Personal information
- Born: February 12, 1991 (age 35) Batavia, New York, U.S.
- Listed height: 6 ft 4 in (1.93 m)
- Listed weight: 307 lb (139 kg)

Career information
- High school: Akron Central (Akron, New York)
- College: Cornell (2009–2012)
- NFL draft: 2013: 4th round, 122nd overall pick

Career history
- Green Bay Packers (2013–2016); Cleveland Browns (2017–2021);

Awards and highlights
- First-team All-Ivy (2012); Third-team FCS All-American (2012);

Career NFL statistics
- Games played: 111
- Games started: 90
- Stats at Pro Football Reference

= JC Tretter =

American football player and trade unionist (born 1991)

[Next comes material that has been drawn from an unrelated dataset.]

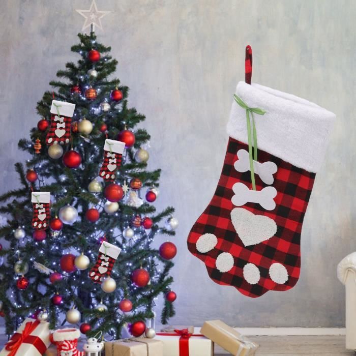 Chaussette De Noël Cheminée Chevet Suspendu Sac Cadeau De Noël Bas Noël Animaux De Compagnie Bas De Noël à Suspendre En Forme De Patte De Chien Pour Arbre A Chat Noel Description du produit La jolie forme de patte de chien ajoute une touche ludique et adorable, ce qui rend ces chaussettes parfaites pour les amoureux des animaux de compagnie ou les familles avec des amis à fourrure. Ils seront sûrs d'être un succès lors de vos réunions de vacances, apportant sourire et rires sur le visage de tout le monde Description : Améliorez vos décorations de vacances avec ces 2 chaussettes de Noël en forme de chat à suspendre avec pattes de chat ou de chien, spécialement conçues pour apporter une joie festive à n'importe quelle maison., ., Mesurant 10 x 15,4 pouces, ces bas en tissu doux offrent un espace parfait pour stocker de petits cadeaux, friandises et jouets pour vos animaux de compagnie bien-aimés, s'intégrant parfaitement aux arbres de Noël, aux manteaux de cheminée ou ailleurs dans votre maison., ., Dotés de charmantes empreintes de pattes de chat et de chien, ils ajoutent une personnalité et une chaleur uniques à votre collection de chaussettes de Noël pour chats et chiens., ., Les boucles de suspension robustes rendent l'installation facile et sécurisée, garantissant que vos bas restent en place tout au long de la période des fêtes., ., Ces bas de Noël allient charme festif et taille pratique tout en conservant l'artisanat pour durer pendant de nombreuses saisons de vacances., ., Idéales pour les propriétaires d'animaux à la recherche de décorations de Noël spécifiques à leur animal, ces chaussettes améliorent à la fois l'attrait visuel et la chaleur émotionnelle de vos célébrations, rendant chaque moment de vacances spécial pour vous et vos amis à quatre pattes., ., Caractéristiques :., ., -Couleur : Rouge + Gris., ., -Matière : Non-tissé, polaire., ., -Taille : 25,5x39 cm/10x15,4 pouces., ., Remarque : Mesure manuelle, veuillez permettre de légères erreurs de taille., ., Les couleurs peuvent exister de légères différences en raison des différents écrans., ., Forfait comprenant 2 * bas de Noël pour chat 3 PièCes SéRies Bas de NoëL PèRe NoëL Bonbons Chaussette Sac Cadeau... Taille et ajustement idéaux : mesurant 10 x 15,4 pouces, les bas offrent suffisamment d'espace pour contenir de petits cadeaux et friandises pour chats et chiens, s'adaptant facilement aux branches d'arbre, aux cheminées ou aux poignées de porte sans surcharger votre décoration. Suspension et rangement faciles : dotés d'une boucle de suspension sécurisée, ces chaussettes de Noël pour chat sont simples à accrocher et à afficher sur les cheminées, les escaliers ou les arbres de Noël, et faciles à ranger soigneusement jusqu'à la saison prochaine.

Joseph Carl "JC" Tretter Jr. (born February 12, 1991) is an American former professional football player who was a center in the National Football League (NFL) and executive director of the NFL Players Association (NFLPA) since 2026. Tretter played college football for the Cornell Big Red and was selected by the Green Bay Packers in the fourth round of the 2013 NFL draft. He later played for the Cleveland Browns from 2017 to 2021.

==Early life==
Tretter was born in Batavia, New York, the son of Joseph and Cynthia Tretter. He attended Akron Central High School, where he was a standout athlete for the Akron Central Tigers football and basketball teams. He was a three-year starter on offense and defense for the Tigers in football, a team captain as a junior and senior, and was a second-team Class C all-state selection as a senior. In basketball, he was a four-year starter for the Tigers and a three-time first-team all-league selection, and graduated as the team's all-time leading scorer and rebounder.

==College career==
Tretter attended Cornell University, where he played for the Cornell Big Red football team from 2009 to 2012. After playing tight end during his first two seasons, he switched to the offensive tackle position for his final two years. He was credited with the significantly improved pass protection given to Cornell's quarterback in 2011 and 2012. Following his senior season in 2012, he was a unanimous first-team All-Ivy League selection. He also received third-team All-American honors (FCS) from Beyond Sports College Network and The Sports Network.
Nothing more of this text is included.